Um livro surpreendente, na minha opinião! É uma obra ficcionada sobre a migração forçada de dois irmãos venezuelanos de ascendência portuguesa, Ruben e Gonzo, que, após o desaparecimento súbito da mãe, jornalista perseguida pelo regime, fogem e tentam sair do país para de alguma forma irem para a casa dos avós em Portugal. É um romance onde a sobrevivência destes irmãos está sempre em causa, sobretudo porque os perigos associados à sua fuga são imensos. A travessia na Selva de Darién, fronteira entre a Colômbia e o Panamá, aproxima os irmãos e mais do que um simples livro de aventuras é um livro onde se mostra que a fraternidade entre as pessoas existe ainda nos dias de hoje e isso faz aproximar o leitor a uma realidade que desconhece. Nada sabia sobre esta migração que ocorre quando os que não possuem posses pretendem sair da Venezuela. Muitos ficam pelo caminho. Que o digam os restos de objetos e corpos que se encontram nessa selva. Ficção baseada numa realidade que foi objecto de muita pesquisa por parte do autor. Esse facto transparece nas páginas do princípio ao fim.

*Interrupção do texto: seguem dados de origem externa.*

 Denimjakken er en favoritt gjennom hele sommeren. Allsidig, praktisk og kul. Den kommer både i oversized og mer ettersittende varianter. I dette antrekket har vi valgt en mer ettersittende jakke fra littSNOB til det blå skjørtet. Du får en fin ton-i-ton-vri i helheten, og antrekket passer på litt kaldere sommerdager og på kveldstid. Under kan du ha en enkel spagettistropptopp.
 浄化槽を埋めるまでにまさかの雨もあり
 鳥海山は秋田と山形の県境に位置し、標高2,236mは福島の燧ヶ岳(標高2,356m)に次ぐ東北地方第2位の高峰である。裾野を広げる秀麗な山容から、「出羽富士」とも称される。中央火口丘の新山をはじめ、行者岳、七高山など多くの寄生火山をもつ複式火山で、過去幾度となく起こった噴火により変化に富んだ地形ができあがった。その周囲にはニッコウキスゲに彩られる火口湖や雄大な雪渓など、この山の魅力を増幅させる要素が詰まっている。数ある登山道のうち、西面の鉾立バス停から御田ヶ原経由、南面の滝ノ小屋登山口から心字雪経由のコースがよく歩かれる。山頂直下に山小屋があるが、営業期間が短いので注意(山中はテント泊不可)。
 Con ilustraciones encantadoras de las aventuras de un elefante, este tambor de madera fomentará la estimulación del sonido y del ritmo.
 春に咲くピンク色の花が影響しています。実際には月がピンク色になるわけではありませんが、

Esta história é contada na primeira pessoa sobretudo por Rúben mas a voz de Gonzo também surge e enriquece muito a narrativa. Física e psicologicamente os irmãos crescem e amadurecem nesse caminho. O que deixam ficar pelo caminho, e não me refiro a objectos, irá marcá-los para a vida toda.

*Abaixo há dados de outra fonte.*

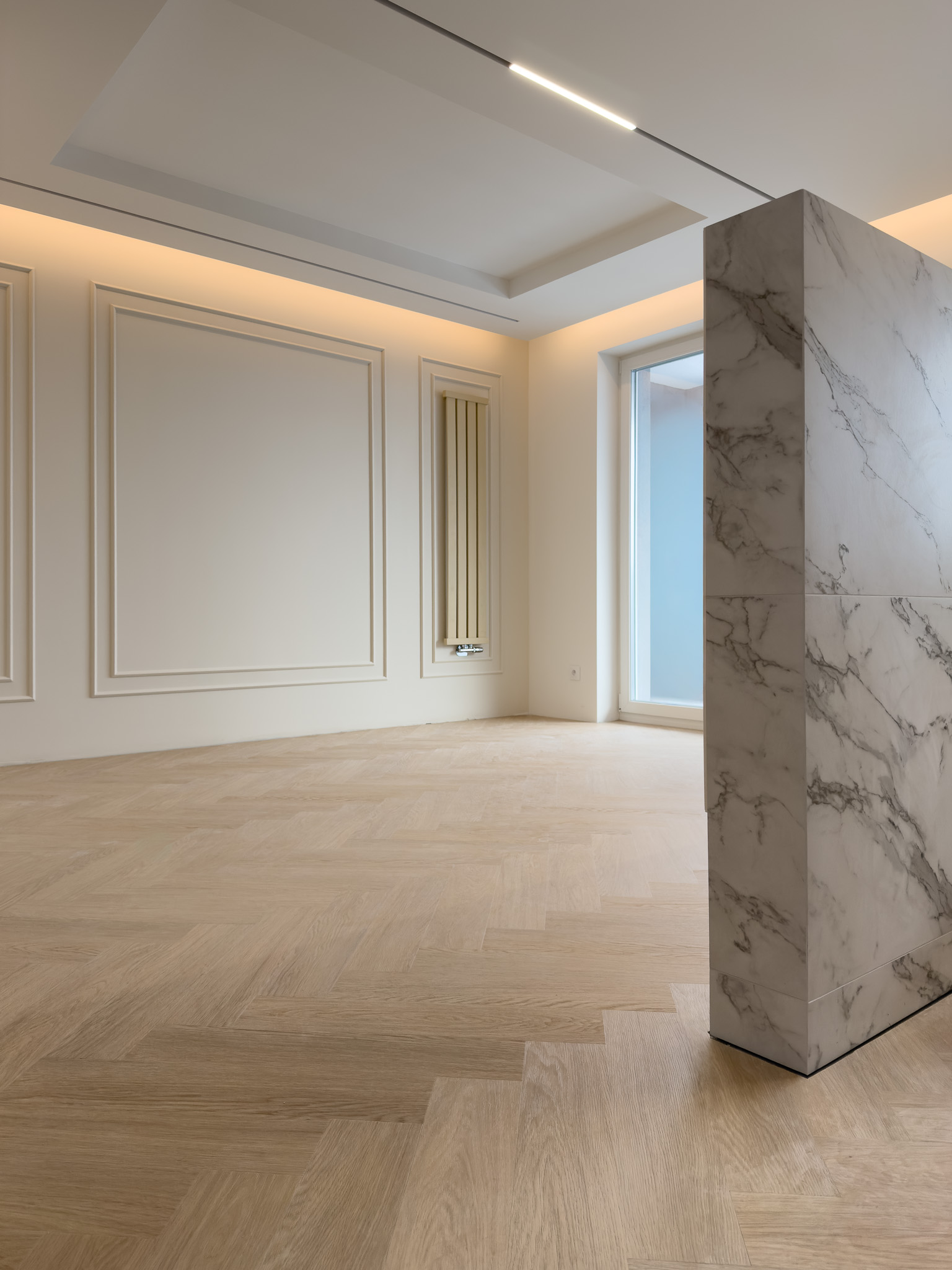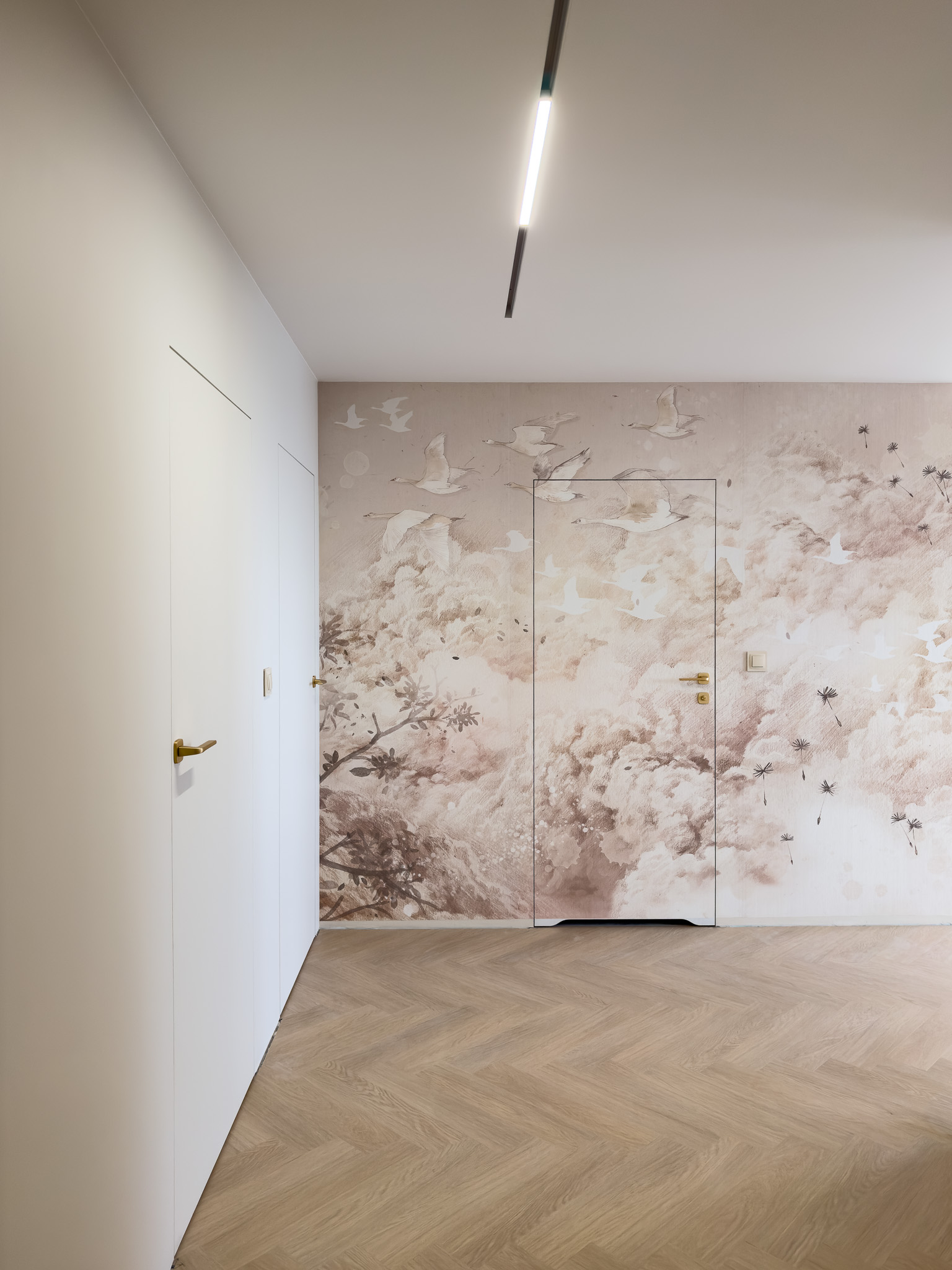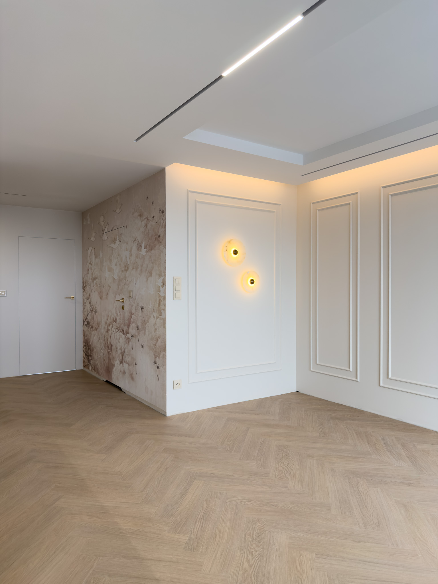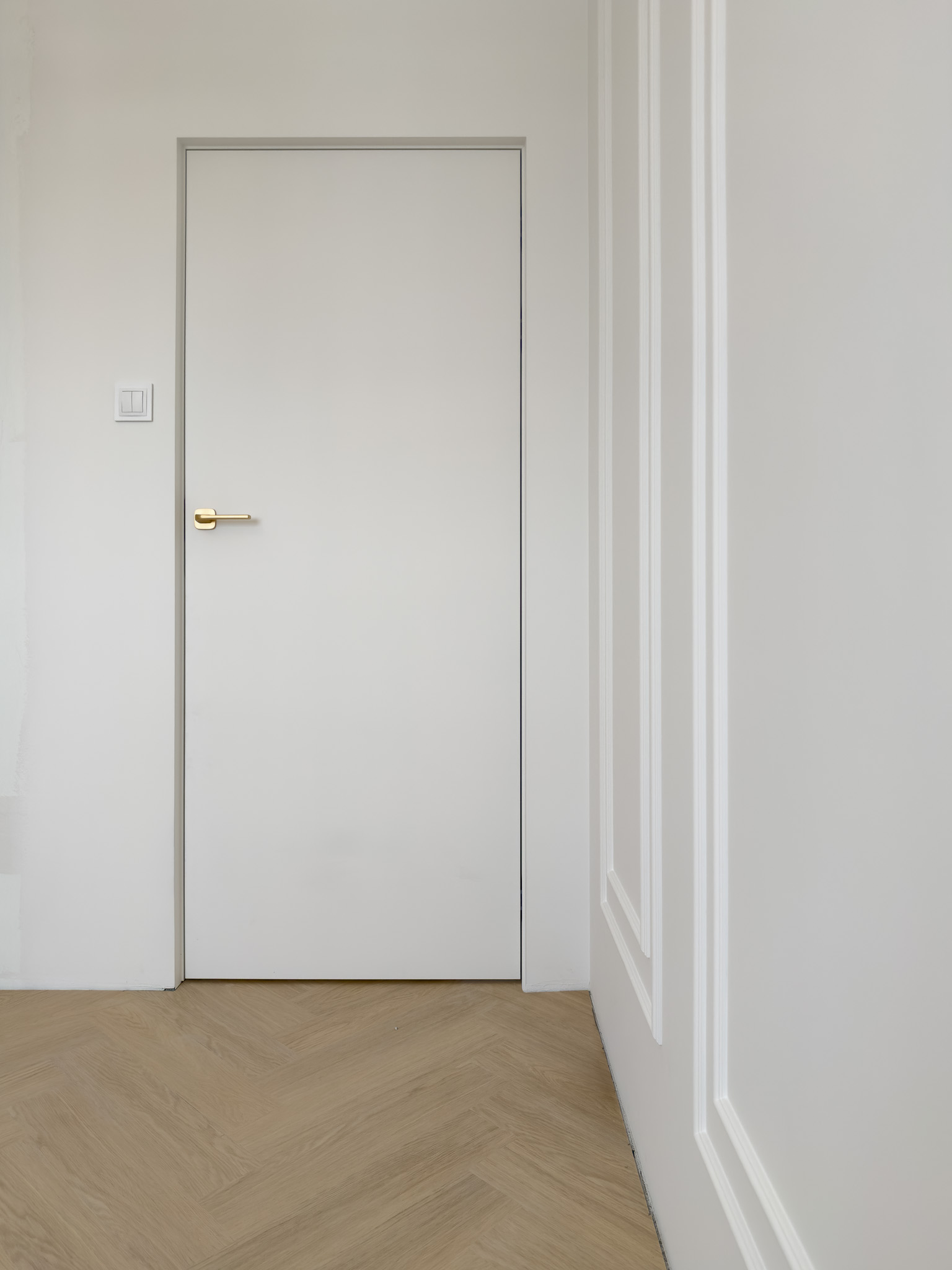 Kwintesencja stylu modern classic. Bazę tworzy jasna dębowa podłoga w układzie jodełki klasycznej, która dodaje wnętrzu klasy i ciepła. Ściany zdobi subtelna sztukateria, nadająca całości rytm i paryski szyk. Nowoczesność podkreślają ukryte drzwi: zlicowane ze ścianą, malowane lub pokryte fototapetą, stają się niemal niewidoczne, tworząc jednolitą płaszczyznę. Całość dopełniają złote detale oraz gra światła, budując przestrzeń pełną harmonii.

O final é muito realista e gostei disso. Título certeiro, escrita directa, objectiva sem dramatismos mas muito real, este livro foi um page turner para mim. A realidade da migração forçada e a sobrevivência.
Gostei muito e recomendo!
Terminado em 23 de Junho de 2026
Estrelas: 6*
Sinopse
Quando a mãe, jornalista, desaparece, Rúben, de dezasseis anos, e Gonzo, de onze, são forçados a sair do país. Invertendo o percurso dos avós portugueses, a perseguição política arrasta-os para Darién, a selva que devora os que a atravessam. Com companheiros que a travessia lhes impõe como família, terão de crescer anos em dias para sobreviver. Da antifronteira à Montanha da Morte, entre muralhas de lama, rios que se agigantam e predadores armados, a selva arranca-lhes quase tudo até lhes revelar a língua de quem sempre nela habitou.

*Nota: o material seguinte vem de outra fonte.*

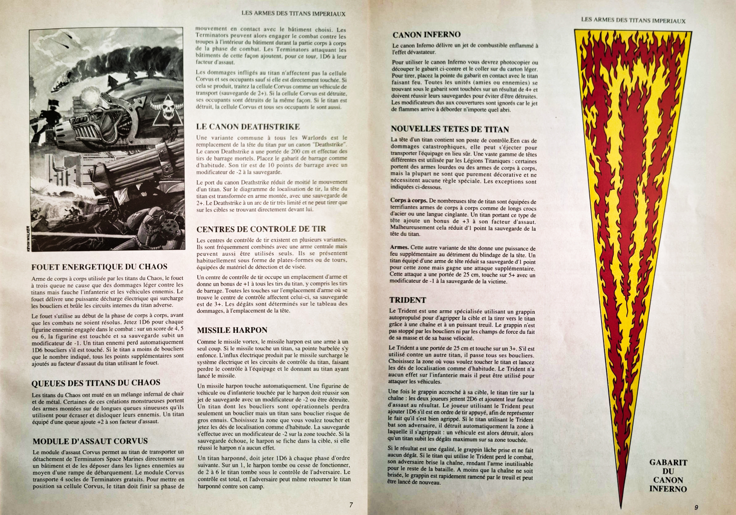 This article introduces the weapons and equipment of the Titans in Epic. It includes a list of twenty different armaments and systems, each accompanied by detailed descriptions and rules. At the time, readers could even cut out a template for the Inferno Cannon directly from the magazine, a small bonus that was quite typical of publications from that era. Among the weapons and equipment featured are: the Plasma Missile Launcher, Power Claw, Carapace Landing Module, Carapace Multi-Laser, Chaos Energy Whip, Chaos Titan Tail, Corvus Assault Pod, Deathstrike Cannon, Fire Control Center, Harpoon Missile, Light Plasma Cannon, Power Ram, Power Saw, Turbo-Laser Destructor, Vulcan Mega-Bolter, Warp Missile, Demolisher Cannon, Inferno Cannon, Titan Head Equipment, and finally, the Trident.
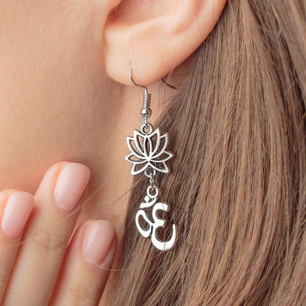 Rediscover your spiritual insights with these wonderful earrings featuring powerful symbols of the Om and Lotus flower bring a magical combination of spiritual wealth!
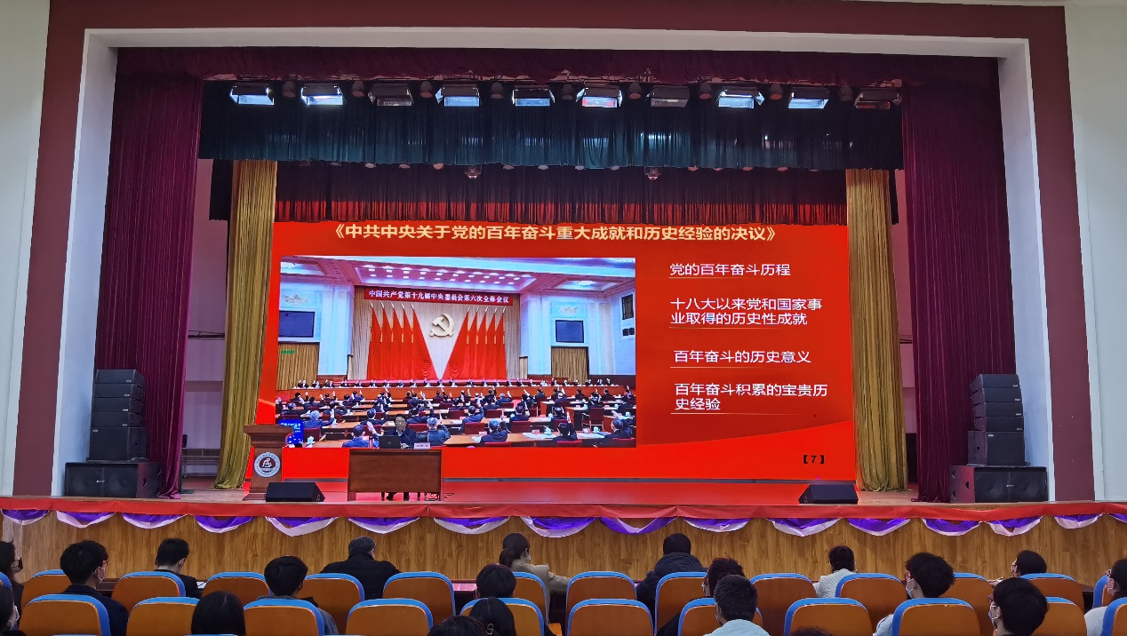 闫俊山从师生们关注的北京冬奥会为切入,从中国奥运百年,看中华之崛起,深刻剖析了过去我们为什么能够成功、未来我们又怎样才能继续成功?从十八大以来党和国家事业取得的历史性成就、我们党百年奋斗的历史意义和积累的宝贵历史经验等几个方面,带领师生系统学习、解读了党的十九届六中全会精神。既有政治高度,又有理论深度,同时也对广大同学提出了勤奋学习、积极锻炼、全面发展的殷切希望。

Narrado alternadamente pelos irmãos, entre o coloquial e o lírico, a crueza e o humor, Na Tua Mão é um retrato migratório contemporâneo. Um romance baseado em relatos reais sobre uma fraternidade reinventada, corpos em movimento e palavras que arvoram.
No labirinto da selva, o «mar sonoro» é o último fio que os liga à esperança.